Please make an exact copy of the listing, without the pictures.
########################################
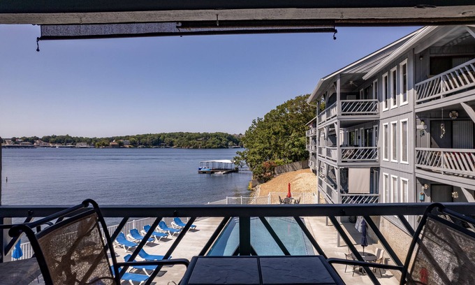 Walk-in level!! You will love the views from this family friendly two bedroom two bathroom condo in Osage Beach. It's the best of both worlds with a view of the inviting condo complex pool and the beautiful Lake of the Ozarks. You'll feel right at home as you enter to find a fully stocked kitchen with an island open to a cozy living area. The primary bedroom is appointed with a king bed and the second bedroom with a queen bed. The seasonal lakeside pool is close, just a short walk down a set of stairs. If you would rather swim in the lake, you can do that too from the private beach. Gather on the private lakeview balcony or in the comfortable living room where you will be able to see all of the lake activities. You'll be just minutes from area attractions such as shopping, restaurants, wineries, boat and PWC rentals. There is also a 12' X 32' boat slip available for an additional cost. You can always book with confidence through Four Seasons Property Management!
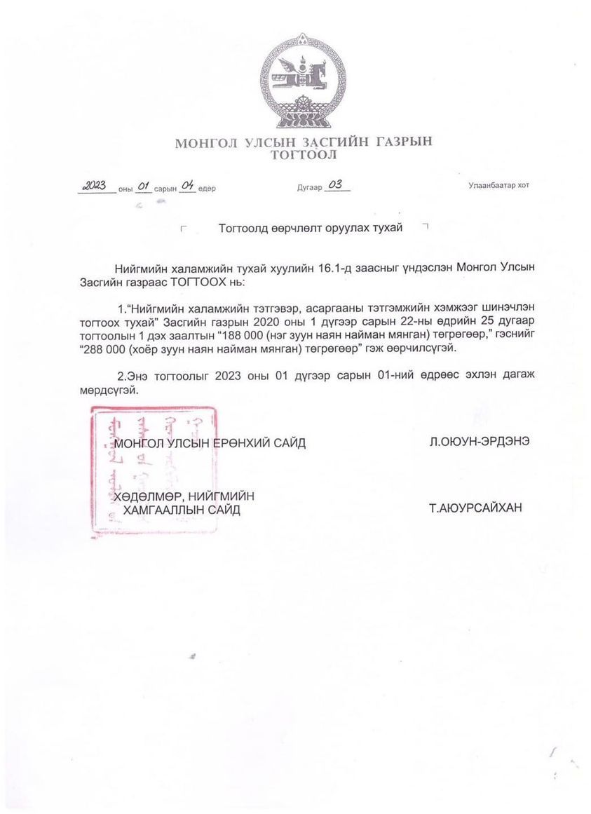 Нийгмийн халамжийн тэтгэвэр, асаргааны тэтгэмжид 188 000 төгрөг олгодог байсан. Цар тахлын хуулиар уг тэтгэмжийг нэмэгдүүлж, 288 000 төгрөг болгосон юм. Цар тахлын хуулийн үйлчлэх хугацаа өнгөрсөн оны төгсгөлөөр дуусгавар болсон ч нийгмийн халамжийн тэтгэвэр, тэтгэмжийн хэмжээг 288 000 төгрөг хэвээр үлдээжээ.
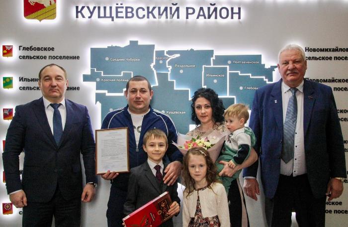 Глава Кущёвского района Илья Гузев с председателем районного Совета депутатов Александром Туренко вручили свидетельство о праве на получение социальной выплаты
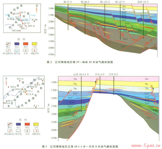 2)灘海西部地區(qū)油氣分布層間差異大,油氣藏類型變化快,油氣藏主要沿砂體和斷裂分布;中部地區(qū)油氣主要分布在斷裂發(fā)育且封蓋條件較好的層位,油氣性質(zhì)差異明顯;東部地區(qū)以發(fā)育氣藏為主,平面上分布穩(wěn)定,具有油氣分布井段長(zhǎng)、砂體延伸范圍小、相變快的特點(diǎn),不同斷塊、不同組段油氣發(fā)育程度差異大,并以中淺部層系多套氣藏疊置發(fā)育為主。
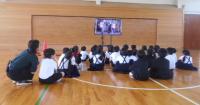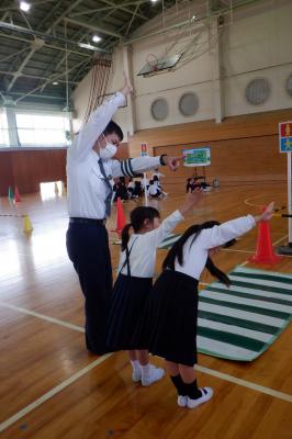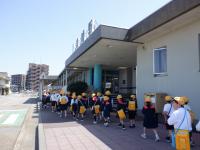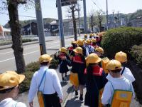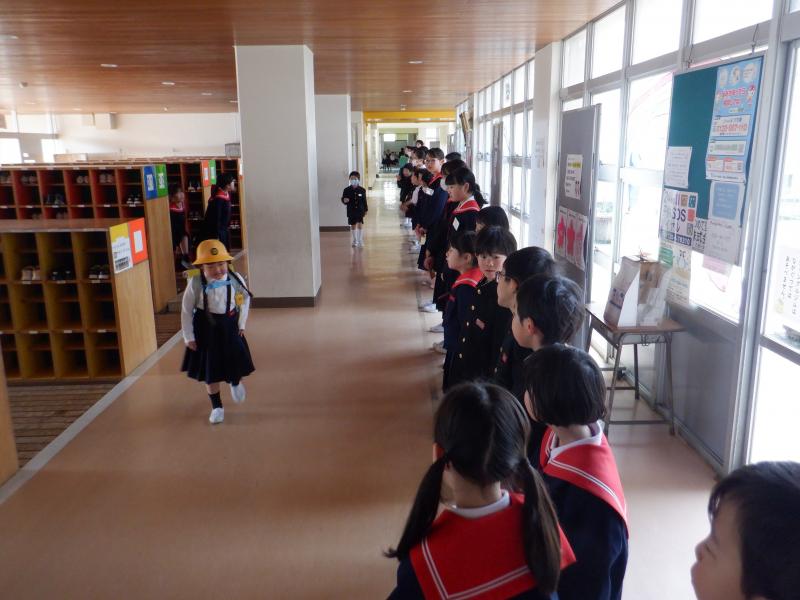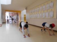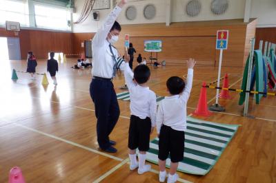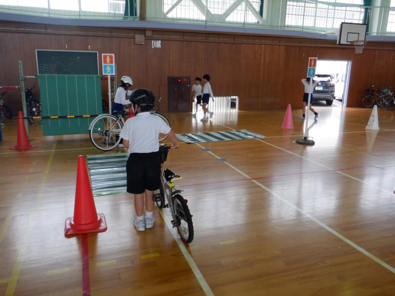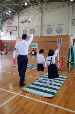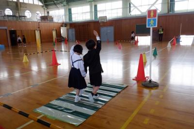 始めに動画を見て安全な歩き方や交通ルールを学びました。その後,体育館で道路に見立てたコースを,交通ルールを守って安全に歩いてみました。しっかりと「右を見て左を見て,もう一度右を見て」渡っていました。
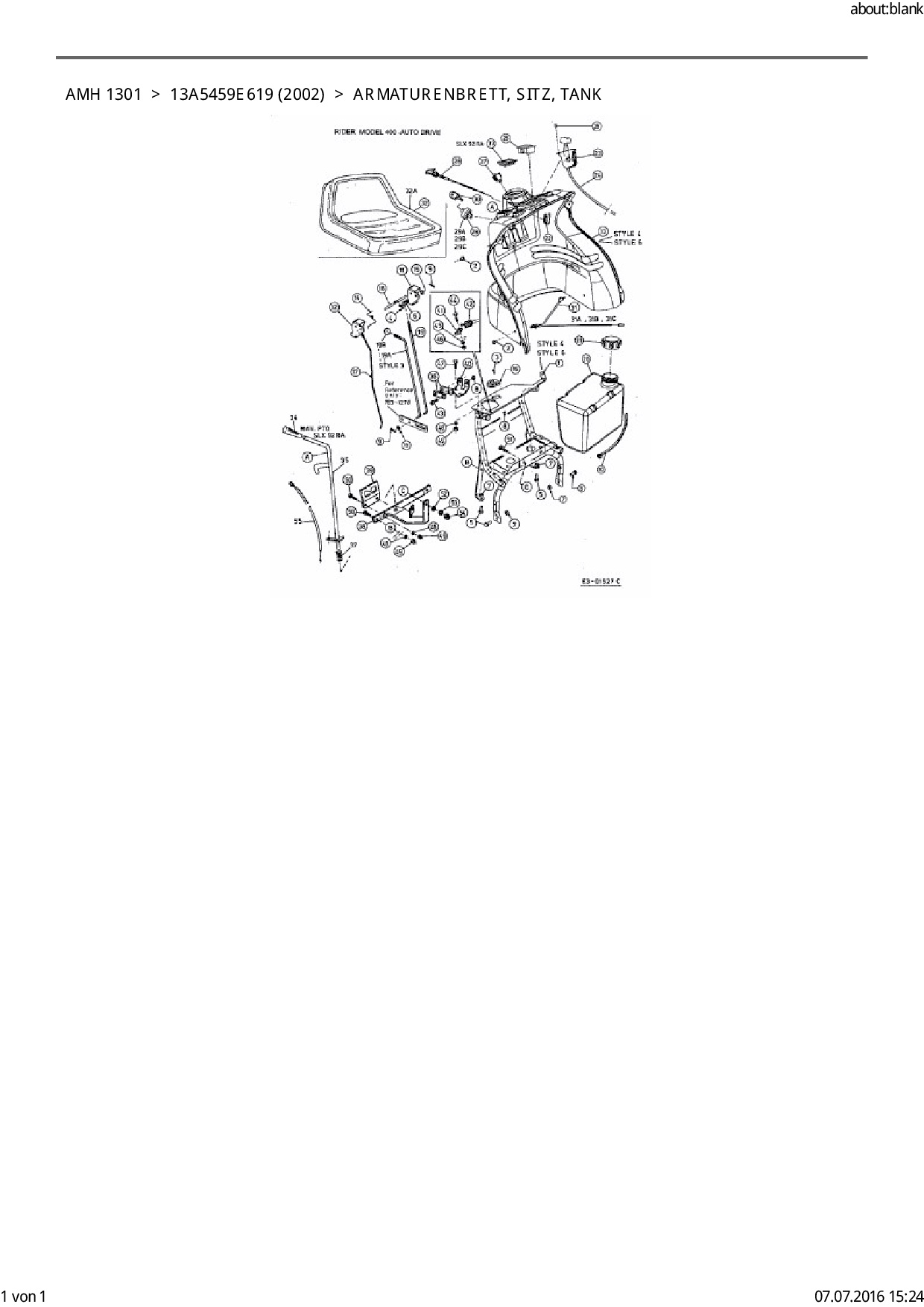 Ersatzteile für Rasentraktor FLEURELLE AMH 1301 aus der Zeichnung Armaturenbrett, Sitz, Tank:
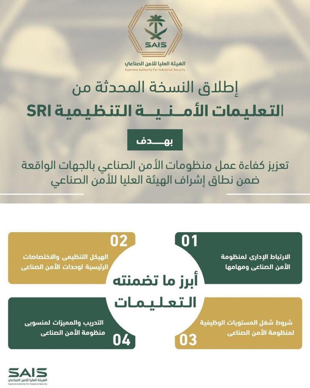 أطلقت الهيئة العليا للأمن الصناعي النسخة المحدثة من التعليمات الأمنية التنظيمية (SRI) التي تهدف إلى تعزيز كفاءة عمل منظومات الأمن الصناعي بالجهات الواقعة ضمن نطاق إشراف الهيئة.
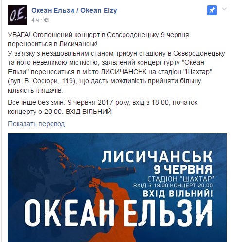 В связи с неудовлетворительным состоянием трибун стадиона в Северодонецке заявленный концерт группы группы «Океан Ельзи» переносится в город Лисичанск. Об этом ОЭ написал в Фейсбук.
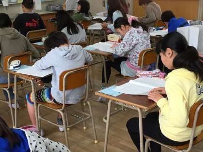 全国学力・学習状況調査を行いました。実施対象は6年生で、国語、算数、理科と児童質問紙(学習や生活の調査)で行いました。国語と算数は、A、Bに分かれていますから、かなりの量になり午前中は全時間、調査となりました。最後まであきらめないを合言葉に奮闘していました。
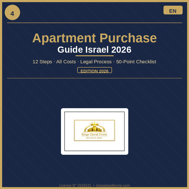 The complete step-by-step roadmap to buying an apartment in Israel. The 12 steps of purchase, all real costs calculated with zero hidden surprises, off-plan vs resale comparison, top investment cities, legal process explained, 50-point checklist, and the do's and don'ts every international buyer must know. Whether it's your first purchase or your fifth — this guide eliminates costly mistakes. Instant PDF download.
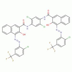 Alias em inglês: Pigmento vermelho 242; PR242; Sandorin Scarlet 4RF; 2-Naftalenocarboxamida, N, N '- (2,5-dicloro-1,4-fenileno) bis- [4 - [[2-cloro-5- (trifluorometil) fenil] azo] -3-hidroxi-3-hidroxi -; (4Z, 4'E) -N, N '- (2,5-diclorobenzeno-1,4-diil) bis (4 - {[2- cloro-5- (trifluorometil) fenil] hidrazono} -3-oxo- 3,4-di-hidronaftaleno-2-carboxamida); 4- [2-cloro-5- (trifluorometil) fenil] azo-N- [2,5-dicloro-4 - [[4- [2-cloro-5- (trifluorometil) fenil] azo-3-hidroxi-naftaleno -2-carbonil] amino] fenil] -3-hidroxi-naftaleno-2-carboxamida; N, N '- (2,5-dicloro-1,4-fenileno) bis [4 - [[2-cloro-5- (trifluorometil) fenil] fenil] azo] -3-hidroxinaftaleno-2-carboxamida] Número CAS: 52238 -92-3
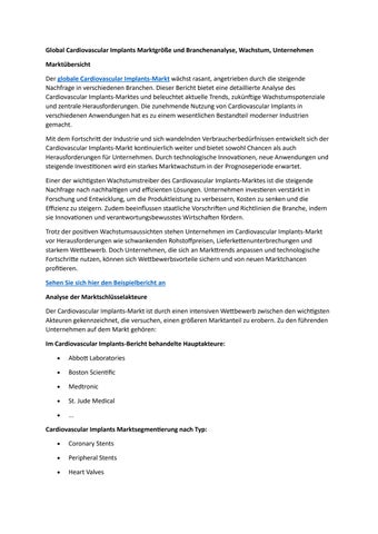 Global Cardiovascular Implants Marktgröße und Branchenanalyse, Wachstum, Unternehmen
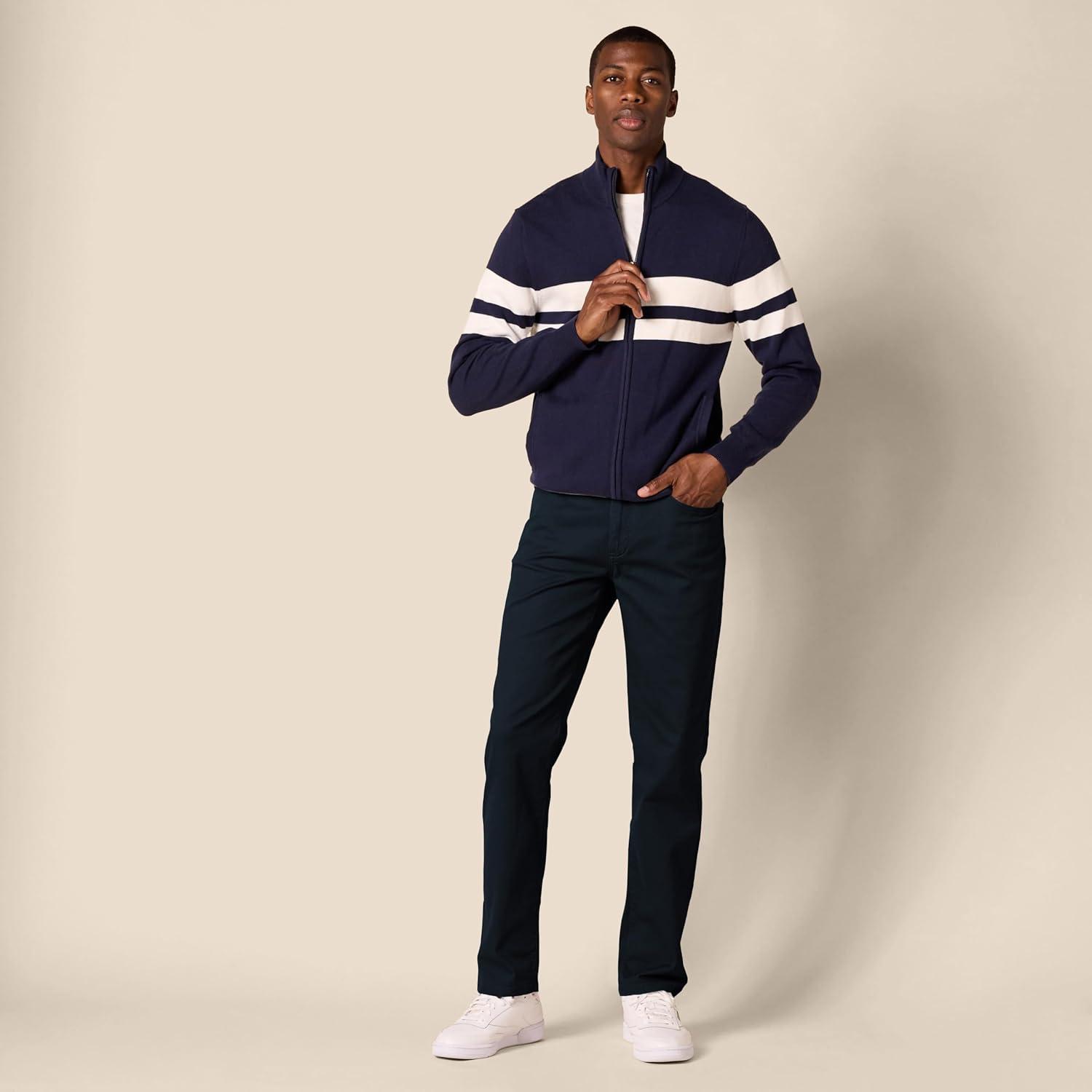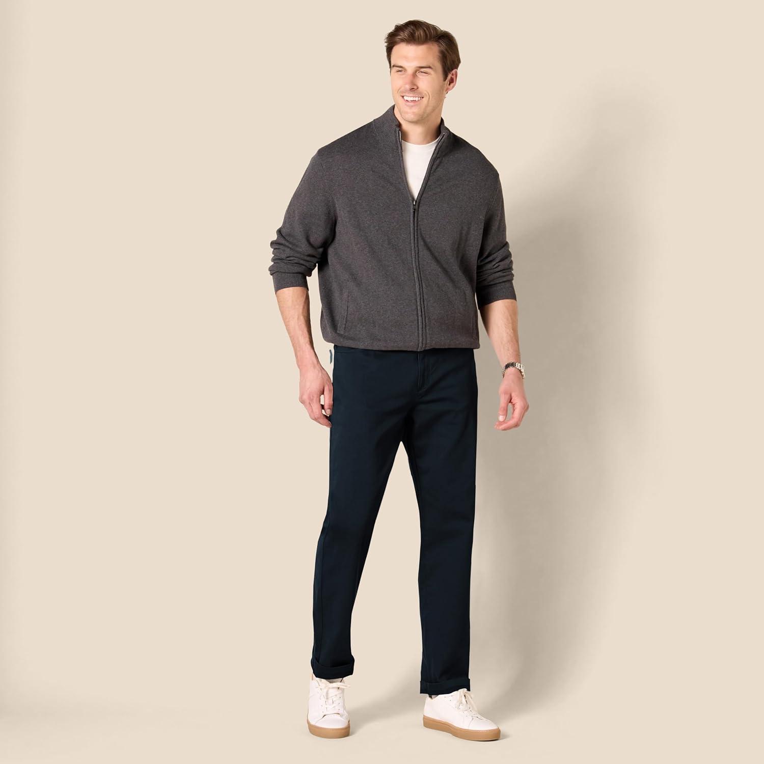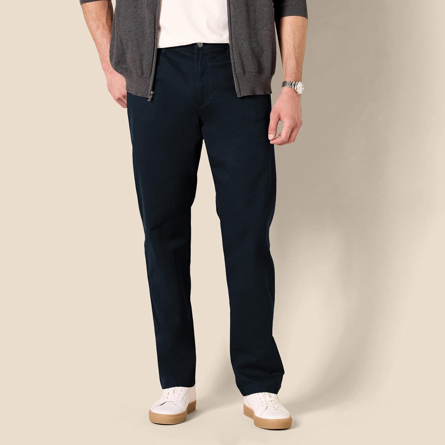 Amazon Essentials Men's Straight-Fit 5-Pocket Stretch Twill Pant offer a straight fit with slight ease through the hip and thigh. These pants sit at the waist, for a classic look. Designed with everyday wear in mind, these men's stretch twill pants feature 5-pocket styling that is inspired by jeans. Our men's stretch twill pants have a shank button closure, rivets, and zipper fly.
########################################
Answer section.
 Walk-in level!! You will love the views from this family friendly two bedroom two bathroom condo in Osage Beach. It's the best of both worlds with a view of the inviting condo complex pool and the beautiful Lake of the Ozarks. You'll feel right at home as you enter to find a fully stocked kitchen with an island open to a cozy living area. The primary bedroom is appointed with a king bed and the second bedroom with a queen bed. The seasonal lakeside pool is close, just a short walk down a set of stairs. If you would rather swim in the lake, you can do that too from the private beach. Gather on the private lakeview balcony or in the comfortable living room where you will be able to see all of the lake activities. You'll be just minutes from area attractions such as shopping, restaurants, wineries, boat and PWC rentals. There is also a 12' X 32' boat slip available for an additional cost. You can always book with confidence through Four Seasons Property Management!
 Нийгмийн халамжийн тэтгэвэр, асаргааны тэтгэмжид 188 000 төгрөг олгодог байсан. Цар тахлын хуулиар уг тэтгэмжийг нэмэгдүүлж, 288 000 төгрөг болгосон юм. Цар тахлын хуулийн үйлчлэх хугацаа өнгөрсөн оны төгсгөлөөр дуусгавар болсон ч нийгмийн халамжийн тэтгэвэр, тэтгэмжийн хэмжээг 288 000 төгрөг хэвээр үлдээжээ.
 Глава Кущёвского района Илья Гузев с председателем районного Совета депутатов Александром Туренко вручили свидетельство о праве на получение социальной выплаты
 2)灘海西部地區(qū)油氣分布層間差異大,油氣藏類型變化快,油氣藏主要沿砂體和斷裂分布;中部地區(qū)油氣主要分布在斷裂發(fā)育且封蓋條件較好的層位,油氣性質(zhì)差異明顯;東部地區(qū)以發(fā)育氣藏為主,平面上分布穩(wěn)定,具有油氣分布井段長(zhǎng)、砂體延伸范圍小、相變快的特點(diǎn),不同斷塊、不同組段油氣發(fā)育程度差異大,并以中淺部層系多套氣藏疊置發(fā)育為主。
 始めに動画を見て安全な歩き方や交通ルールを学びました。その後,体育館で道路に見立てたコースを,交通ルールを守って安全に歩いてみました。しっかりと「右を見て左を見て,もう一度右を見て」渡っていました。
 Ersatzteile für Rasentraktor FLEURELLE AMH 1301 aus der Zeichnung Armaturenbrett, Sitz, Tank:
 أطلقت الهيئة العليا للأمن الصناعي النسخة المحدثة من التعليمات الأمنية التنظيمية (SRI) التي تهدف إلى تعزيز كفاءة عمل منظومات الأمن الصناعي بالجهات الواقعة ضمن نطاق إشراف الهيئة.
 В связи с неудовлетворительным состоянием трибун стадиона в Северодонецке заявленный концерт группы группы «Океан Ельзи» переносится в город Лисичанск. Об этом ОЭ написал в Фейсбук.
 全国学力・学習状況調査を行いました。実施対象は6年生で、国語、算数、理科と児童質問紙(学習や生活の調査)で行いました。国語と算数は、A、Bに分かれていますから、かなりの量になり午前中は全時間、調査となりました。最後まであきらめないを合言葉に奮闘していました。
 The complete step-by-step roadmap to buying an apartment in Israel. The 12 steps of purchase, all real costs calculated with zero hidden surprises, off-plan vs resale comparison, top investment cities, legal process explained, 50-point checklist, and the do's and don'ts every international buyer must know. Whether it's your first purchase or your fifth — this guide eliminates costly mistakes. Instant PDF download.
 Alias em inglês: Pigmento vermelho 242; PR242; Sandorin Scarlet 4RF; 2-Naftalenocarboxamida, N, N '- (2,5-dicloro-1,4-fenileno) bis- [4 - [[2-cloro-5- (trifluorometil) fenil] azo] -3-hidroxi-3-hidroxi -; (4Z, 4'E) -N, N '- (2,5-diclorobenzeno-1,4-diil) bis (4 - {[2- cloro-5- (trifluorometil) fenil] hidrazono} -3-oxo- 3,4-di-hidronaftaleno-2-carboxamida); 4- [2-cloro-5- (trifluorometil) fenil] azo-N- [2,5-dicloro-4 - [[4- [2-cloro-5- (trifluorometil) fenil] azo-3-hidroxi-naftaleno -2-carbonil] amino] fenil] -3-hidroxi-naftaleno-2-carboxamida; N, N '- (2,5-dicloro-1,4-fenileno) bis [4 - [[2-cloro-5- (trifluorometil) fenil] fenil] azo] -3-hidroxinaftaleno-2-carboxamida] Número CAS: 52238 -92-3
 Global Cardiovascular Implants Marktgröße und Branchenanalyse, Wachstum, Unternehmen
 Amazon Essentials Men's Straight-Fit 5-Pocket Stretch Twill Pant offer a straight fit with slight ease through the hip and thigh. These pants sit at the waist, for a classic look. Designed with everyday wear in mind, these men's stretch twill pants feature 5-pocket styling that is inspired by jeans. Our men's stretch twill pants have a shank button closure, rivets, and zipper fly.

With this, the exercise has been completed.